* [THE PROBLEM]:
Your copy of the entries below should hold exactly the lines from the one containing "2年3組が6年3組のお兄さん" to the one containing "De print wordt", inclusive, and no pictures.

* [PROVIDED RECORDS]:
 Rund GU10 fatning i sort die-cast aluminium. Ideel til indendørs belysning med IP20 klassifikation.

...

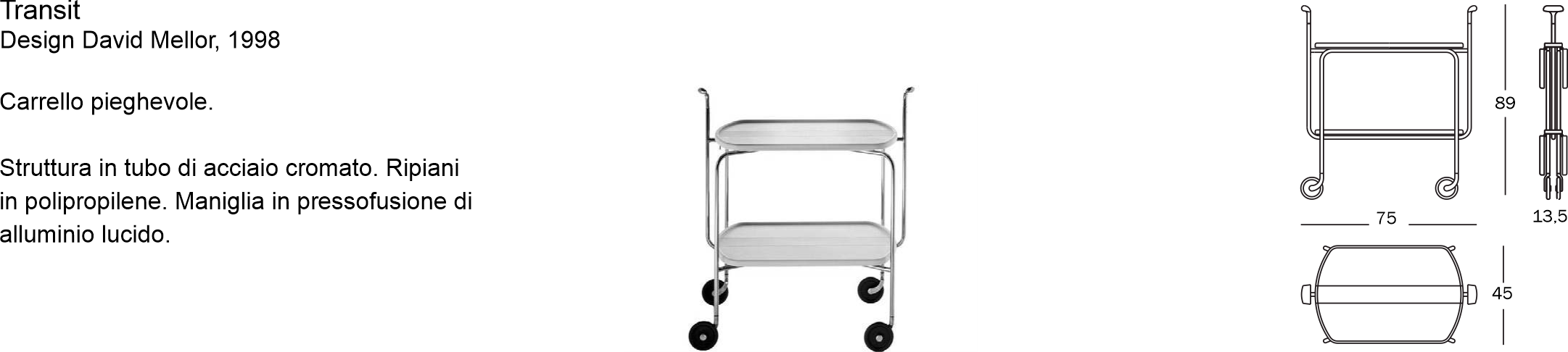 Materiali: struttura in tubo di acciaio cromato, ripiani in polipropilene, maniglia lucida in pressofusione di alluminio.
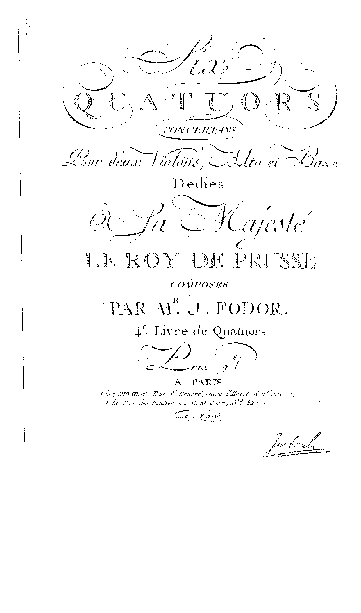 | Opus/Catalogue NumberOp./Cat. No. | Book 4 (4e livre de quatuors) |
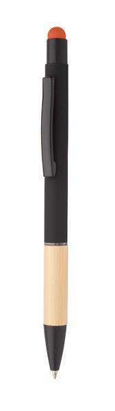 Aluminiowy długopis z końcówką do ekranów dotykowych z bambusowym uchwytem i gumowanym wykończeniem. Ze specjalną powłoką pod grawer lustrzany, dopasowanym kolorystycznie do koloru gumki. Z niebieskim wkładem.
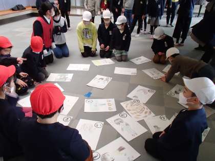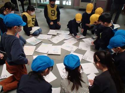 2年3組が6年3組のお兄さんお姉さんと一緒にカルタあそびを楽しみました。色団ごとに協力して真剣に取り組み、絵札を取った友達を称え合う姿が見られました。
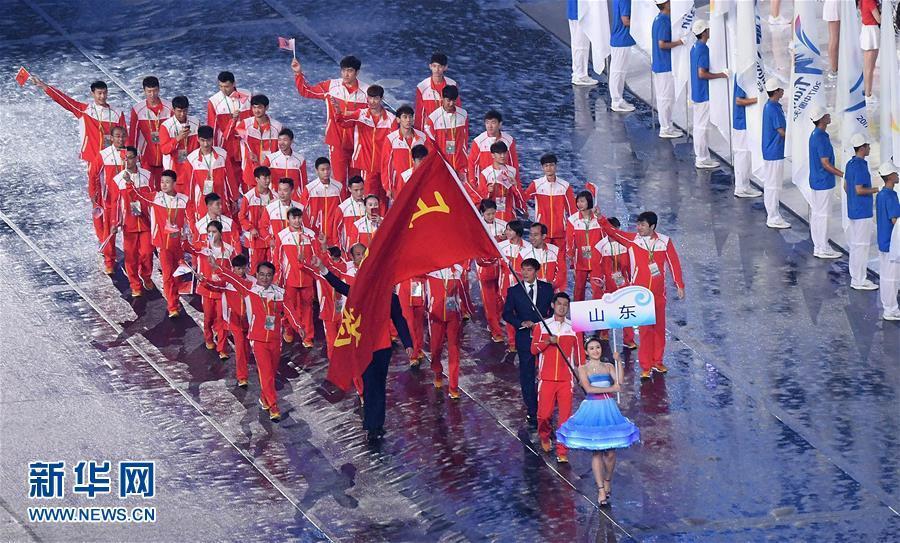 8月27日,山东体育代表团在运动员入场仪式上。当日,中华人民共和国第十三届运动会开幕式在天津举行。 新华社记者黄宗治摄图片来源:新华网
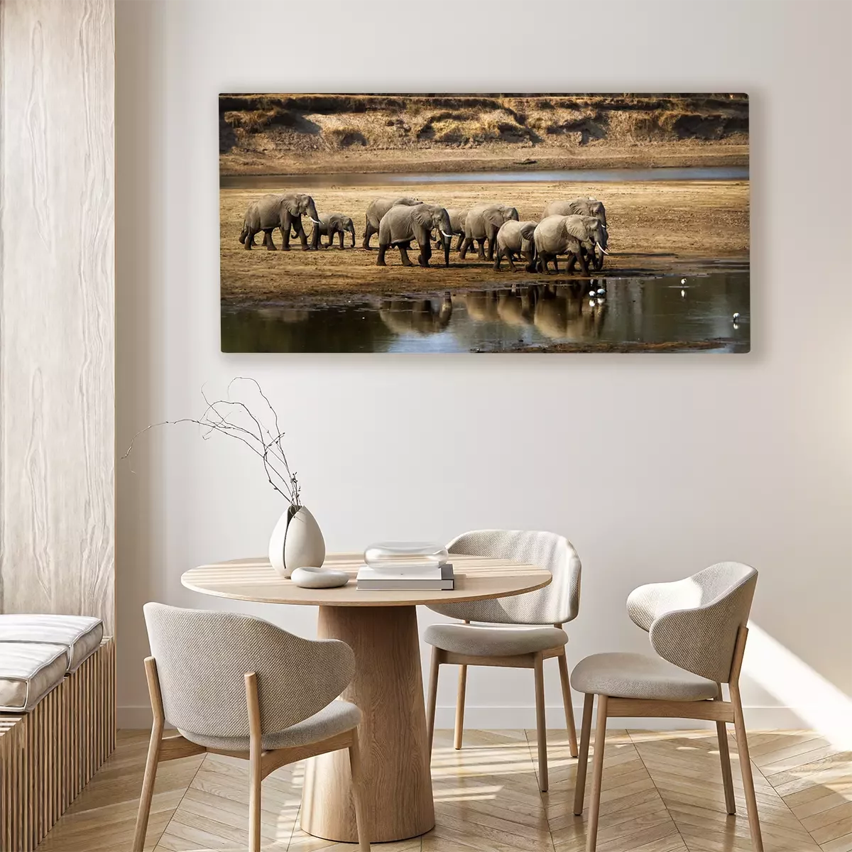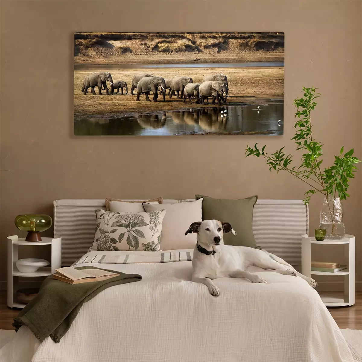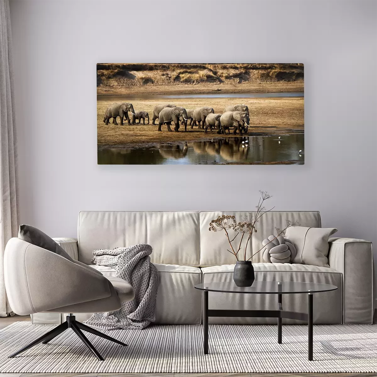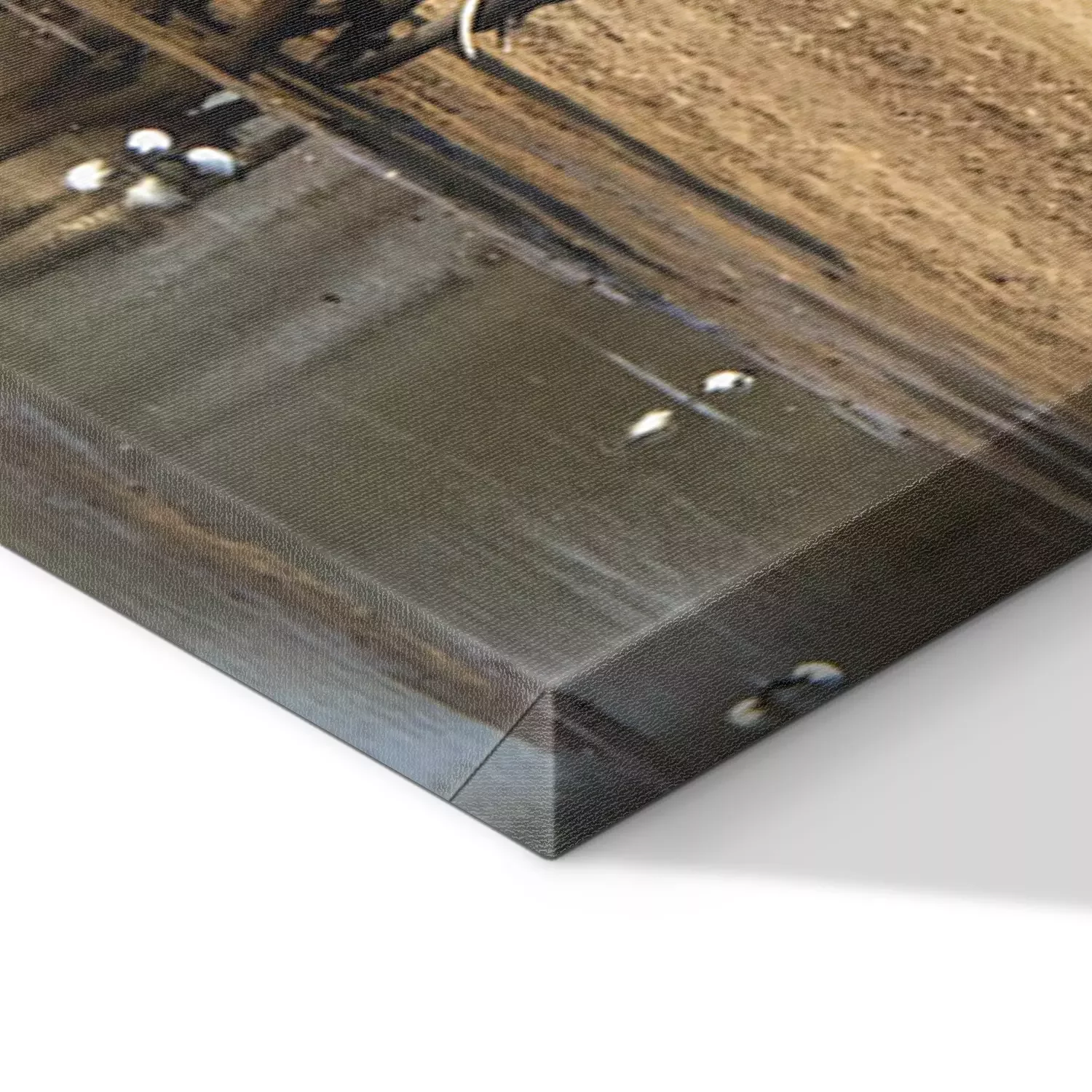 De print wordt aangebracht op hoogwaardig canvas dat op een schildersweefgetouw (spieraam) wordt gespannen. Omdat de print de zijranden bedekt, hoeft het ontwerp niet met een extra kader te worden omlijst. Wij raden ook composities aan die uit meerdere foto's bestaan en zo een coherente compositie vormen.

* [RESULT FOR THIS EXERCISE]:
 2年3組が6年3組のお兄さんお姉さんと一緒にカルタあそびを楽しみました。色団ごとに協力して真剣に取り組み、絵札を取った友達を称え合う姿が見られました。
 8月27日,山东体育代表团在运动员入场仪式上。当日,中华人民共和国第十三届运动会开幕式在天津举行。 新华社记者黄宗治摄图片来源:新华网
 De print wordt aangebracht op hoogwaardig canvas dat op een schildersweefgetouw (spieraam) wordt gespannen. Omdat de print de zijranden bedekt, hoeft het ontwerp niet met een extra kader te worden omlijst. Wij raden ook composities aan die uit meerdere foto's bestaan en zo een coherente compositie vormen.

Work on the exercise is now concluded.